Quem passa pela antiga Fábrica de Rendas, hoje transformada em Espaço Arp, pode ver, no alto de uma de suas esquinas, um relógio empoeirado e mudo. Pioneira da indústria local, a fábrica durou um século e fez parte da vida de milhares de famílias friburguenses. Mas chegou o dia em que, às 6h45, o coração do relógio parou de bater, para sempre desligado do tempo que ele, germanicamente, vigiava com tanto afinco. Para os trabalhadores, ele ditava o ritmo da própria vida: era preciso estar atento ao seu tique-taque imperioso. Um minuto de atraso e perdia-se o dia de trabalho e, em consequência, o repouso semanal remunerado. Apenas sessenta segundos, mas pesavam muito no fim do mês, quando o pagamento chegava emagrecido. Era o peso da ausência, do que faltava, do que vinha a menos. Como pesavam os ponteiros daquele relógio!

Mas tinha seu lado bom, servia justamente para que ninguém perdesse a hora: 6h45 era um alerta. E não só para os que ali trabalhavam: a todos que o consultassem, ele permitia que fossem mais devagar, ou ordenava que apressassem o passo, que corressem para pegar o ônibus, que movessem com mais energia as rodas da bicicleta. Sei de um garoto que todo dia, de manhãzinha, pedalava em frente a ele, rumando para a Ypu, na qual ajudava a transformar peças de couro em cintos e carteiras. “Sebo nas canelas, que só tenho 15 minutos para chegar ao portão!” Quando o garoto voltava para casa, o sol já estava encerrando seu expediente. Mas, como “todo o mundo é composto de mudança”, as fábricas fecharam, e o relógio da Arp calou-se, ficou apenas na memória dos que o conheceram e obedeceram ao seu comando.

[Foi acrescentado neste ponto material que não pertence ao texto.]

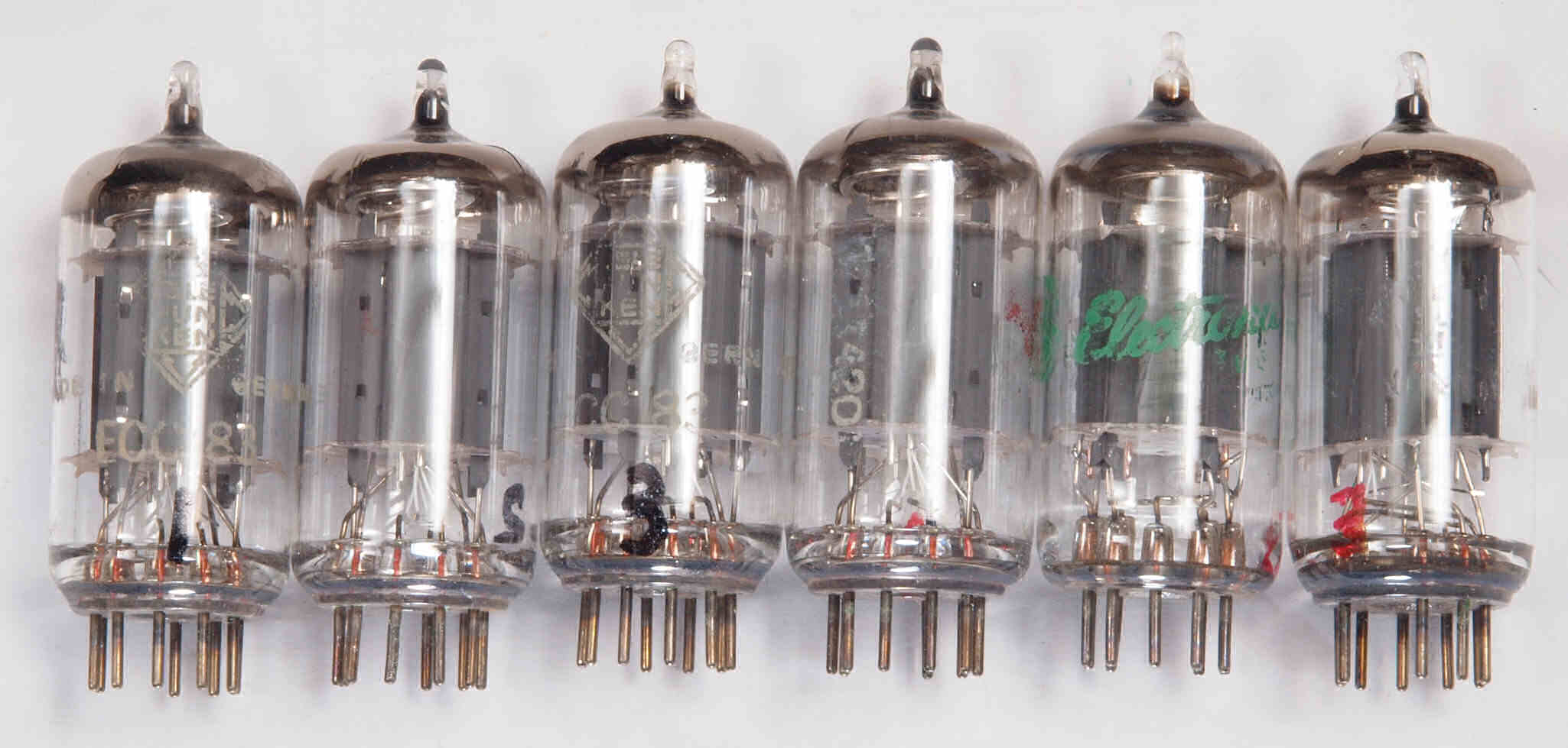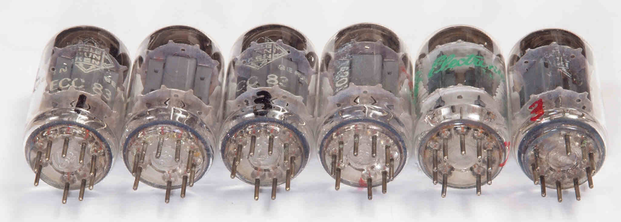 | AD1. 点検中 付属真空管12AX7(ECC83)、12AU7(ECC82)。 左3本=A=L側用、右3本=R=B側用。 左から1本目ECC83、ECC82、2本目ECC83。 |

Havia ainda outra categoria profissional que se guiava pelo relógio: os carregadores de almoço. Quem se lembra deles? Embora as fábricas tivessem refeitório e oferecessem pratos a preço razoáveis, muita gente preferia a marmita com sabor de casa, saída das mãos da mãe ou da esposa. Então, em troca de modesto pagamento, algumas pessoas levavam as refeições até as bocas a que se destinavam. Os carregadores que tinham mais fregueses davam-se ao luxo de empurrar um carrinho de madeira, no qual cabiam várias marmitas. Que se saiba, nunca ninguém passou fome por causa desses humildes trabalhadores. De quantos poderosos se pode dizer o mesmo?

O relógio, que tanta gente viu passar e tanta coisa viu acontecer, agora está lá, em sua eloquente mudez. Seria bom se os responsáveis pelo Espaço o ressuscitassem, em memória de seus longos anos de trabalho honesto e dedicação exemplar. E nem precisava que ele voltasse a marcar as horas. Bastaria que, limpo e restaurado, ficasse como lembrança de um tempo em que a cidade se movia a pé ou de bicicleta, em que a própria vida não tinha motivos para outras correrias além daquelas impostas pelo deslizar dos ponteiros dos relógios das fábricas.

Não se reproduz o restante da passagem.